412 000 произведений, 108 200 авторов.

Электронная библиотека книг » Александр Серафимович » Том 2. Произведения 1902–1906 » Текст книги (страница 37)
Том 2. Произведения 1902–1906
  • Текст добавлен: 4 октября 2016, 03:42

Текст книги "Том 2. Произведения 1902–1906"


Автор книги: Александр Серафимович



сообщить о нарушении

Текущая страница: 37 (всего у книги 41 страниц)

Бойкое перо*

Талантливый журналист сидел за работой, смотрел в потолок, наклонился, перо быстро бегало по бумаге, и узкие длинные листки, исписанные быстрым небрежным почерком, так и летели.

– Петр!

Входил человек, бережно и почтительно брал листки, осторожно ступая, уносил в типографию. Журналист затянулся и опять посмотрел в потолок.

– Нда-а!.. Случай нужен.

Приятель, сидевший у окна, посасывал пахучую сигару.

– А?

– Ничего… случай, говорю, нужен какой-нибудь. У меня, видишь ли, на каждую тему – случай из жизни. Необходимо.

Фельетонист снова небрежно стал бегать по бумаге.

– Пожар волжского парохода… Гм… гм… чтобы это?.. Человеческие жертвы, все такое… чтобы это… Разве об утонутии каком-нибудь таком-этаком, особенном… Нда…

Он опять затянулся.

– Нда-а… ну вот «Вера», скажем, ага… отлично!..
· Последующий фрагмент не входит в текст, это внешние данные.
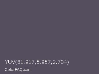 YUV 81.917,5.957,2.704 Color is a normal violet color and the nearest color is Scarpa Flow #585562. Hex code #554e5e and RGB value is rgb(85,78,94). In RGB color space, this color is composed of 33% red, 31% green, 37% blue, In CMYK color space, this color is composed of 10% cyan, 17% magenta, 0% yellow , 63% black , In HSL color space, this color has a hue angle of 266° , 9% saturation and 34% lightness.

И, сунув в чернила перо, он опять бойко и торопливо стал бегать по бумаге.

– Мне вспоминается почти тождественная гибель парохода «Вера» в восьмидесятых годах. Молодой человек, один из спасшихся пассажиров, рассказывал мне:

«Треск, свист… пламя бурно металось по палубе… Люди кидались в воду, их втягивало под работавшие колеса, било лопастями, и они, как ключ, шли ко дну… Молодой человек прыгнул в воду.
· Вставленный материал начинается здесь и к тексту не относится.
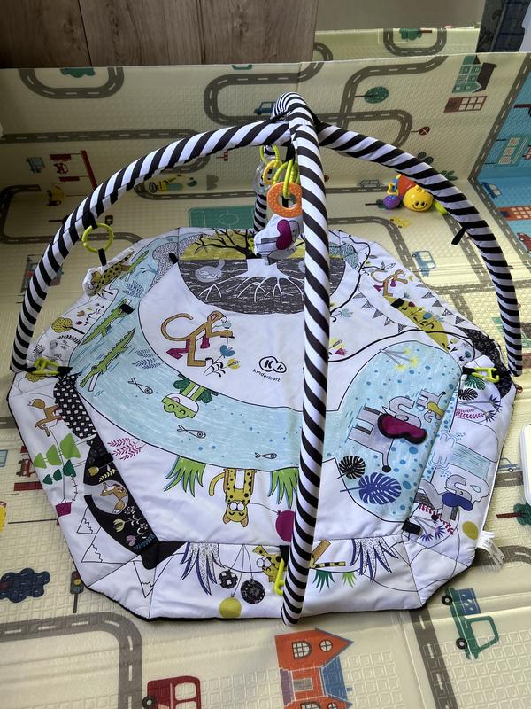 Відсутня 1 чорна кулька Незначні потертості на дзеркальці З часом наліпки, які тримають килимок у формі манежу, вже не такі липучі Великий інтерактивний килимок із функцією манежу Kinderkraft Smartplay забезпечує дитині веселощі та безпеку. Різноманітні іграшки та можливість їхнього переміщення розвивають рухові та ручні навички малюка та стимулюють його почуття. Простота збирання й транспортування. 6 кольорових стінок із різними сюжетами. Ви можете їх добирати та скріплювати одну з одною, що спонукає дитину підіймати голову. Килимок складається в такий спосіб, що він також виконує функцію манежу. У комплекті 7 іграшок із різними естетичними та пізнавальними цінностями, завдяки яким дитина швидше розвивається. Іграшки можна вільно прикріпити до основи килимка та дузі. 20 кульок у 4 кольорах ідуть із килимком — додаткова форма розваги для дітей. Контрастні кольори та чорно-білі деталі стимулюють почуття дитини з перших днів життя. До комплекту входить зручна подушка, що покращує комфорт, лежачи на животі. Дитина також може грати, лежачи на спині або сидячи. Матеріал: якісний поліестер Стандарти: продукт випробуваний і схвалений відповідно до європейського стандарту безпеки EN 71-1.

Кругом ходили волны от колес. Колотит со всех сторон. Так и прибивает, так и тянет к колесам… Выгребаю, что есть мочи. Из сил выбиваюсь. Не могу из этой толчеи выгрести…», – рассказывал потом молодой человек.

Около себя он увидал плавающую доску. Схватился. Ну, думает, спасен. В ту же минуту доска погрузилась: с другой стороны за нее схватился человек. При огненном свете от пожара молодой человек узнал… отца. Началась смертельная борьба из-за доски. Отец и сын с звериными лицами рвут друг у друга доску. Сын улучил минуту, рванул, отец пошел ко дну. Вздохнул радостно, вдруг слышит, кто-то схватил его за пояс. Утопающий. Молодой человек его по морде, по морде, держится, цапает, себя не помнит. Молодой человек изловчился в висок, и этот пошел ко дну.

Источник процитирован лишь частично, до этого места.